*Directions for this task*:
Leaving out all pictures, transcribe exactly the lines between the line with "I recall to" and the last line of the records below, both included.

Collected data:
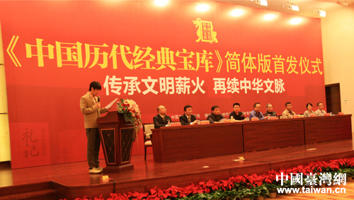 中國(guó)臺(tái)灣網(wǎng)5月9日北京消息 今天下午,由海峽兩岸出版界攜手編輯出版的《中國(guó)歷代經(jīng)典寶庫(kù)》簡(jiǎn)體版首發(fā)式在北京舉行。國(guó)務(wù)院臺(tái)灣事務(wù)辦公室宣傳局處長(zhǎng)尚君奇、中國(guó)友誼出版公司總經(jīng)理史寶明、著名作家梁曉聲、著名演員王剛等海峽兩岸出版界代表、文化界人士出席了首發(fā)式。
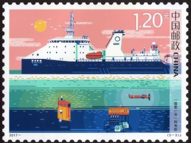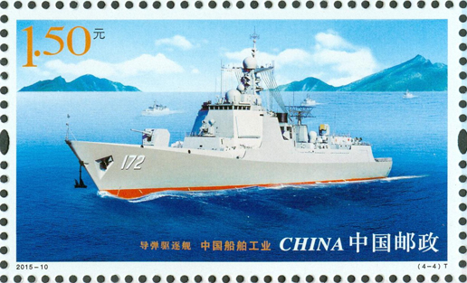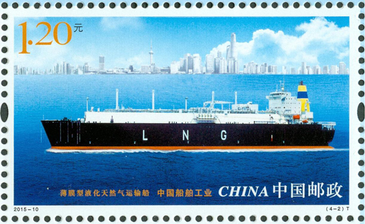 2015年6月3日,中國郵政發(fā)行《中國船舶工業(yè)》特種郵票1套4枚,內容分別為航天測量船、薄膜型液化天然氣運輸船、海上浮式生產儲油船、導彈驅逐艦。該套郵票遴選了代表我國造船先進水平的、不同類型的船舶,以橫向陳列的方式展示了船舶優(yōu)美的形態(tài)和龐大的規(guī)模。畫面氣氛的營造不僅突出船舶工作的環(huán)境,還強調船舶在現(xiàn)代化建設中所承擔的功能。郵票畫面整體布局均衡、協(xié)調,層次清晰,空間感強。該套郵票由史淵設計。
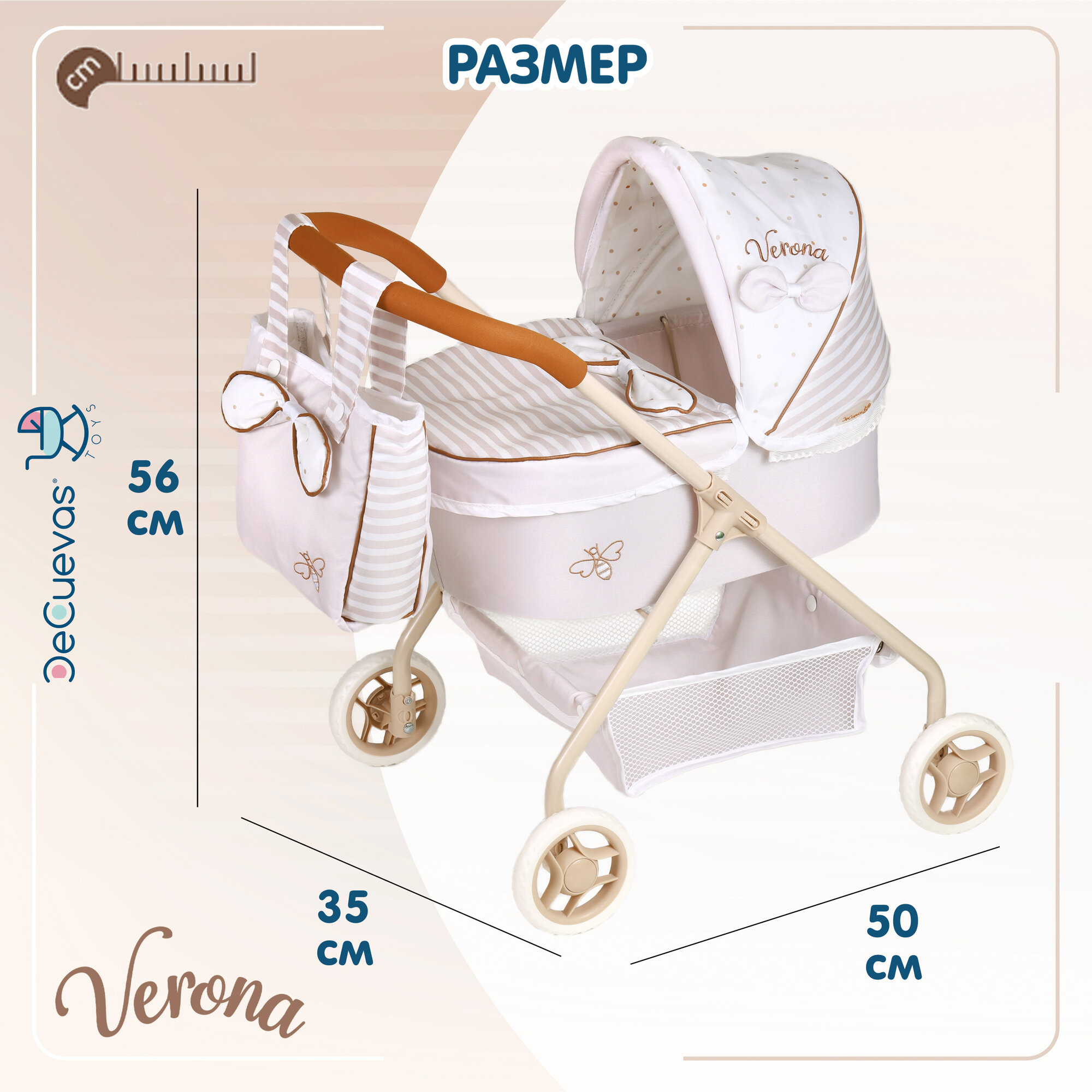 Коляска для кукол люлька с сумкой DeCuevas Toys, высота ручки 81 см, серия "Верона" 80078
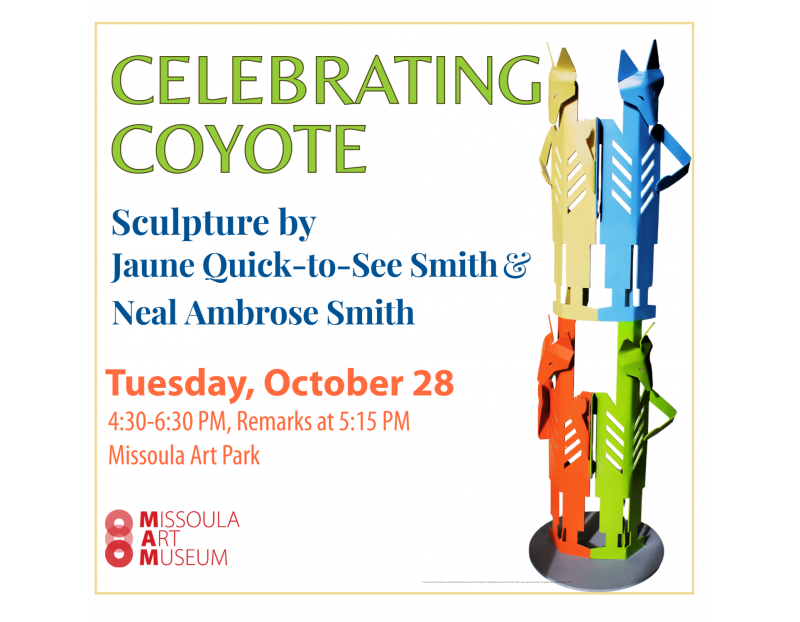 Join us for a special evening celebrating the installation of Es wi?ms c?? es mlk??mulex? t snc??l?ep – Coyote is Seeing All of the Land, a monumental 20-foot steel sculpture created by renowned artist Jaune Quick-to-See Smith (1940-2025, Citizen of the Confederated Salish and Kootenai Nation) in collaboration with her son Neal Ambrose Smith (Salish descendant). Realized in the final months of Quick-to-See Smith’s life, this visionary work fulfills her long-held dream to create a sculpture for Missoula’s Art Park. The sculpture was fabricated locally by Wolf Magritte and stands as a bold, playful, and powerful presence. This powerful artwork reflects Quick-to-See Smith’s lifelong mission to amplify Indigenous voices and confront historical injustices. Set against the colonial façade of the old Carnegie Library building, the sculpture is a strong declaration of ongoing Séliš presence. MAM is honored to see this visionary project come to life, and to carry her work forward with her blessing. We invite the community to join Neal Ambrose Smith in celebrating Quick-to-See Smith’s lifelong legacy and the arrival of this landmark public artwork. A brief program of remarks will begin at 5:15 PM and is free and open to the public.
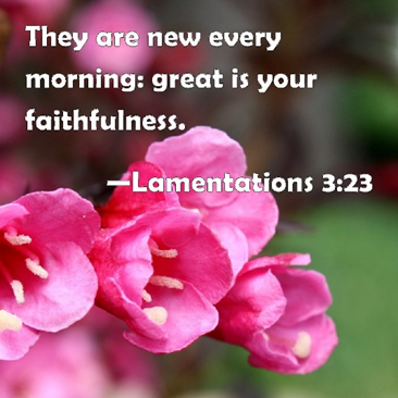 “This I recall to my mind, therefore have I hope. 22 It is of the LORD’S mercies that we are not consumed, because his compassions fail not. 23 They are new every morning: great is thy faithfulness.” (Lamentations 3:21-23)
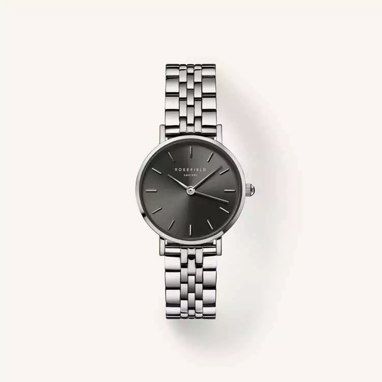Rosefield Small Edit : mallisto uudistaa klassisen tyylin moderniin aikakauteen. Vain 26 mm leveä runko tekee tästä kellosta yhden Rosefieldin siroimmista malleista, ja se onkin suunniteltu istumaan täydellisesti kapeampaankin ranteeseen. Kellon tyylikäs ilme syntyy hopeanvärisen messinkirungon ja upean, harmaan aurinkohiotun kellotaulun yhdistelmästä. Kokonaisuuden viimeistelee laadukas, rodiumpinnoitettu ruostumattomasta teräksestä valmistettu ranneke.
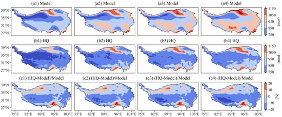 Spatial distribution and variation of annual mean total precipitation before and after HQ correction. (a–c) are, respectively, the original, the HQ-corrected, and the variation between them. a1–a4 are historical, SSP1-2.6, SSP2-4.5, and SSP5-8.5 scenarios, respectively.

*Completed exercise*:
 “This I recall to my mind, therefore have I hope. 22 It is of the LORD’S mercies that we are not consumed, because his compassions fail not. 23 They are new every morning: great is thy faithfulness.” (Lamentations 3:21-23)
Rosefield Small Edit : mallisto uudistaa klassisen tyylin moderniin aikakauteen. Vain 26 mm leveä runko tekee tästä kellosta yhden Rosefieldin siroimmista malleista, ja se onkin suunniteltu istumaan täydellisesti kapeampaankin ranteeseen. Kellon tyylikäs ilme syntyy hopeanvärisen messinkirungon ja upean, harmaan aurinkohiotun kellotaulun yhdistelmästä. Kokonaisuuden viimeistelee laadukas, rodiumpinnoitettu ruostumattomasta teräksestä valmistettu ranneke.
 Spatial distribution and variation of annual mean total precipitation before and after HQ correction. (a–c) are, respectively, the original, the HQ-corrected, and the variation between them. a1–a4 are historical, SSP1-2.6, SSP2-4.5, and SSP5-8.5 scenarios, respectively.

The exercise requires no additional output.